Fernanda Cristina Galerani Gualtieri Parpinelli


RESUMO
Introdução: A sepse abdominal constitui uma das principais causas de mortalidade cirúrgica em unidades de terapia intensiva, caracterizando-se por resposta inflamatória sistêmica desregulada secundária a infecção intra-abdominal persistente. O controle cirúrgico precoce do foco infeccioso é reconhecido como o fator isolado mais determinante do prognóstico.
Objetivo: Analisar criticamente as estratégias cirúrgicas contemporâneas no manejo da sepse abdominal, com ênfase no source control, no tempo ideal de intervenção, na indicação da cirurgia de controle de danos e na aplicação prática das diretrizes da World Society of Emergency Surgery (WSES 2024).
Métodos: Revisão narrativa crítica da literatura, baseada em diretrizes internacionais, revisões sistemáticas e estudos observacionais de grande impacto, publicados entre 2020 e 2025, nas bases PubMed, Scopus, SciELO e LILACS.
Resultados: As evidências demonstram associação consistente entre atraso no controle do foco infeccioso e aumento exponencial da mortalidade. A cirurgia de controle de danos mostrou benefício significativo em pacientes com instabilidade hemodinâmica, acidose metabólica e coagulopatia, ao permitir interrupção precoce da agressão cirúrgica e ressuscitação fisiológica intensiva. O manejo efetivo depende da integração imediata entre intervenção cirúrgica, antibioticoterapia precoce e suporte intensivo avançado.
Conclusão: A sepse abdominal deve ser tratada como emergência cirúrgica tempo-dependente. A aplicação sistemática das recomendações da WSES 2024, priorizando o controle precoce do foco infeccioso e o uso criterioso da cirurgia de controle de danos, é fundamental para a redução da morbimortalidade associada.
Palavras-chave: Sepse abdominal; Controle do foco; Cirurgia de emergência; Damage control surgery; Diretrizes WSES.

ABSTRACT
Introduction: Abdominal sepsis is one of the leading causes of surgical mortality in intensive care units and is characterized by a dysregulated systemic inflammatory response secondary to persistent intra-abdominal infection. Early surgical control of the infectious source is recognized as the single most important prognostic determinant.
Objective: To critically analyze contemporary surgical strategies in the management of abdominal sepsis, with emphasis on source control, optimal timing of intervention, indications for damage control surgery, and the practical application of the World Society of Emergency Surgery (WSES) 2024 guidelines.
Methods: A critical narrative review of the literature was conducted, based on international guidelines, systematic reviews, and high-impact observational studies published between 2020 and 2025, retrieved from PubMed, Scopus, SciELO, and LILACS databases.
Results: The evidence demonstrates a consistent association between delays in infectious source control and an exponential increase in mortality.

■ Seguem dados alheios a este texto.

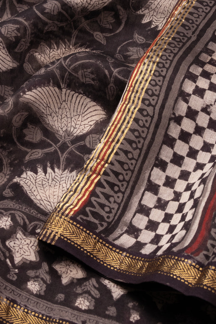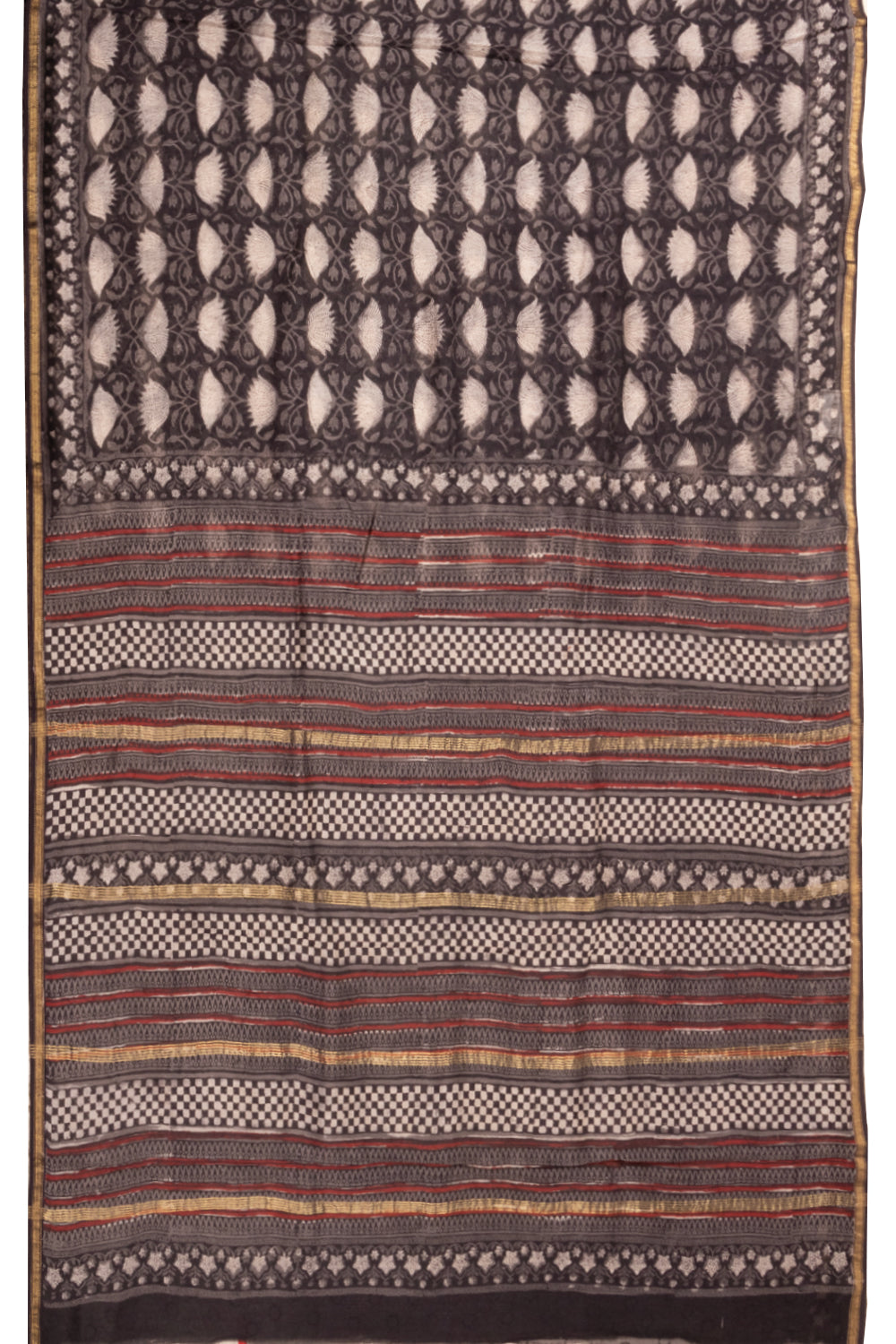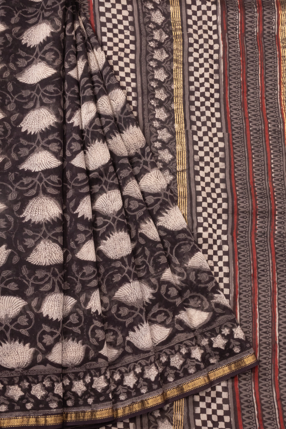 Grey Jahota Printed Silk Cotton Saree 10072951

Damage control surgery showed significant benefit in patients with hemodynamic instability, metabolic acidosis, and coagulopathy by allowing early interruption of surgical stress and intensive physiological resuscitation. Effective management relies on the immediate integration of surgical intervention, early antimicrobial therapy, and advanced intensive care support.
Conclusion: Abdominal sepsis should be managed as a time-dependent surgical emergency. Systematic implementation of the WSES 2024 recommendations—prioritizing early source control and the selective use of damage control surgery—is essential to reduce the associated morbidity and mortality.
Keywords: Abdominal sepsis; Source control; Emergency surgery; Damage control surgery; WSES guidelines.

1. INTRODUÇÃO

A sepse abdominal representa uma das formas mais graves de infecção intra-abdominal e permanece como importante causa de morbimortalidade cirúrgica em todo o mundo, particularmente em unidades de terapia intensiva. Apesar dos avanços em diagnóstico, antibioticoterapia e suporte intensivo, as taxas de mortalidade associadas à sepse abdominal continuam elevadas, sobretudo quando há atraso no reconhecimento e no controle da fonte infecciosa.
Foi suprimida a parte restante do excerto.